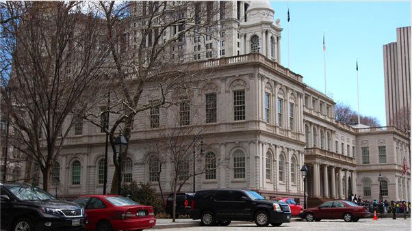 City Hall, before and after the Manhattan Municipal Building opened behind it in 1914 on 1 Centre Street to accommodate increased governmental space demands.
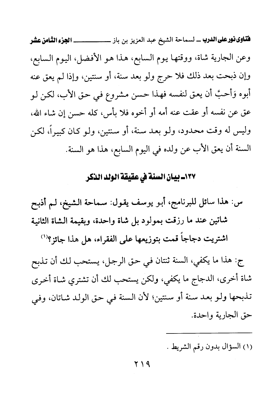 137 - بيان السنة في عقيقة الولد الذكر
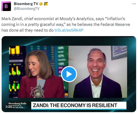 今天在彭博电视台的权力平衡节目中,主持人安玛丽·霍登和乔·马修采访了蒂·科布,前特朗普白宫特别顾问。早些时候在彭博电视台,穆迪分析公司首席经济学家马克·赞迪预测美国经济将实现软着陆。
────────────────────
*What needs to be done*.
Please restate, word for word, the lines from the one with "137 - بيان السنة في عقيقة الولد الذكر" through the final line of the material, both included, and omit the pictures.

*Response for this exercise*.
 137 - بيان السنة في عقيقة الولد الذكر
 今天在彭博电视台的权力平衡节目中,主持人安玛丽·霍登和乔·马修采访了蒂·科布,前特朗普白宫特别顾问。早些时候在彭博电视台,穆迪分析公司首席经济学家马克·赞迪预测美国经济将实现软着陆。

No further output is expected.